Total moles of HCl used = moles of HCl neutralized by NaOH + moles of HCl reacted with CaCO3
c) To calculate the mass of CaCO3 that reacted with HCl, we can find the moles of CaCO3 reacted and then convert it to grams using the molar mass of CaCO3.
We know that 1 mole of CaCO3 reacts with 2 moles of HCl according to the balanced equation:
CaCO3 + 2HCl -> CaCl2 + H2O + CO2
We have already calculated the moles of HCl reacted (from part b).
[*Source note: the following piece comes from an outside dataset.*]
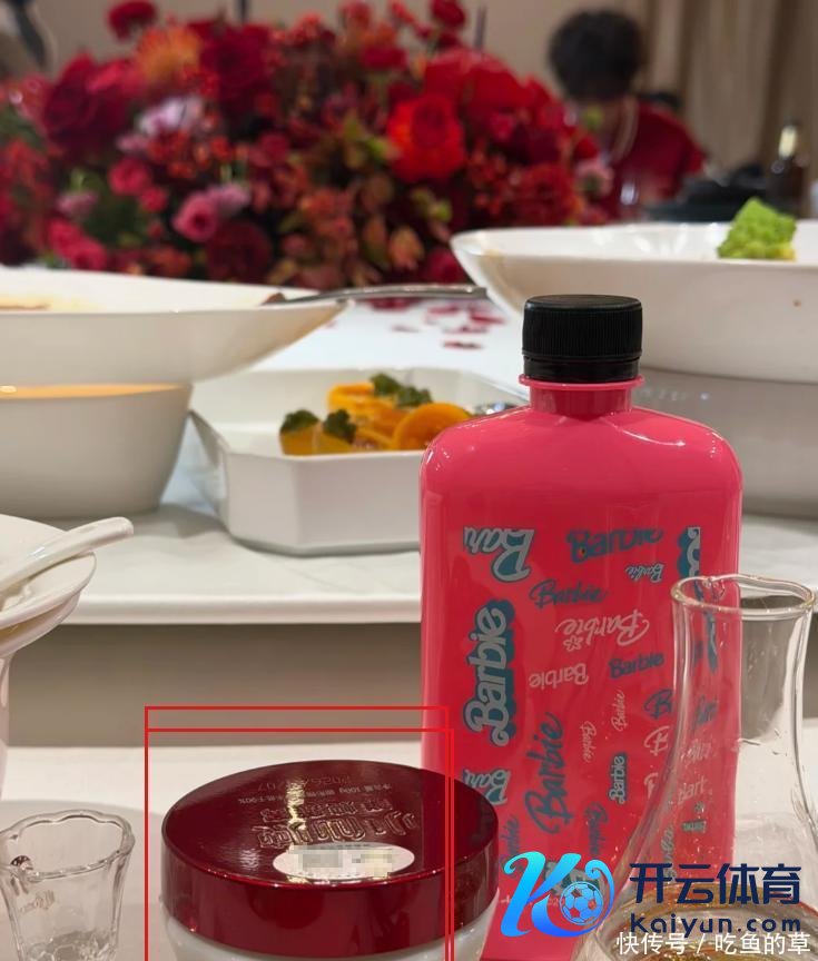 同期也曝光了饮宴现场的一些高等饮食,举例桌上的一个小粉瓶,这是宝露兹跟芭比65周年联名的一款矿泉水,一瓶就要20元傍边,如若是礼盒装价值在百元傍边。

So, the moles of CaCO3 reacted can be calculated by dividing the moles of HCl by 2.
moles of CaCO3 reacted = moles of HCl / 2
Mass of CaCO3 reacted = moles of CaCO3 reacted x molar mass of CaCO3
d) To find the mass percent of CaCO3 present in the antacid, we need to calculate the mass percent using the mass of CaCO3 reacted and the mass of the antacid tablet.
Mass percent of CaCO3 = (mass of CaCO3 / mass of antacid tablet) x 100%
Now, let's calculate the answers:
Given data:
Mass of antacid tablet = 5.309 g
Volume of HCl used = 30.0 mL
Concentration of HCl = 0.831 M
Volume of NaOH used = 15.3 mL
Concentration of NaOH = 0.7034 M
Molar mass of CaCO3 = 100.09 g/mol
a) Moles of NaOH used:
moles of NaOH = 0.7034 M x (15.3 mL / 1000 mL/L) = (0.7034 * 15.3) / 1000 = ?? moles
b) Total moles of HCl used = moles of HCl neutralized by NaOH + moles of HCl reacted with CaCO3
c) Moles of CaCO3 reacted:
moles of CaCO3 reacted = moles of HCl / 2
Mass of CaCO3 reacted = moles of CaCO3 reacted x molar mass of CaCO3
d) Mass percent of CaCO3 = (mass of CaCO3 / mass of antacid tablet) x 100%
The final numerical values for these variables will depend on the actual calculations. Let me know if you need further assistance or the exact values of these variables.